Glasner’s script manages to steer clear of any move that could be construed as making excuses for Theo as we follow the tortured paths he takes through the provincial German town, including harrowing scenes in which he follows random women through subway tunnels and darkened streets. Der Freie Wille takes a surprising turn when we’re introduced to Nettie (the striking Sabine Timoteo), a young woman who is just leaving behind her overbearing father.

The brittle love that blossoms between Theo and Nettie is the film’s thorniest conceit. We’re trained to wish happiness on all screen couples, but the heavily fraught intimacy we become a party to here is exceedingly difficult to watch. In fact, without the eye-opening performances by Vogel and Timoteo, the film is impossible to imagine: they don’t seem to be afraid to lay bare their very souls.

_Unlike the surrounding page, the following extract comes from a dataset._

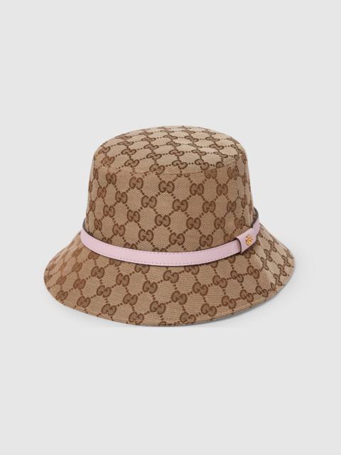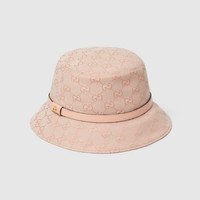 The House's silk accessories collection continues to reinterpret emblematic motifs, from the GG, Web, Flora, bamboo, Horsebit and equestrian inspirations, in sumptuous materials, intricate craftsmanship, and fresh hues. Stated in GG canvas, this bucket hat is enriched with a tonal leather trim and a Double G detail. - Pink GG canvas - Pink leather trim - Cotton lining - Double G - Made in Italy - Main fabric: cotton 70%, polyester 30%; lining: cotton 100%; detail: lambskin; inner detail: cotton 55%, viscose 45%

Glasner softens the blows with moments of fragile joy, but this is not a film that harbors any illusions that love will conquer all. No doubt, Der Freie Wille goes places where not everybody will want to follow, but it stays emotionally true to its frightful subject and finds moments of startling honesty at the extremes of what audiences can endure.

Benten Films will release The Free Will on DVD in the U.S. later this year.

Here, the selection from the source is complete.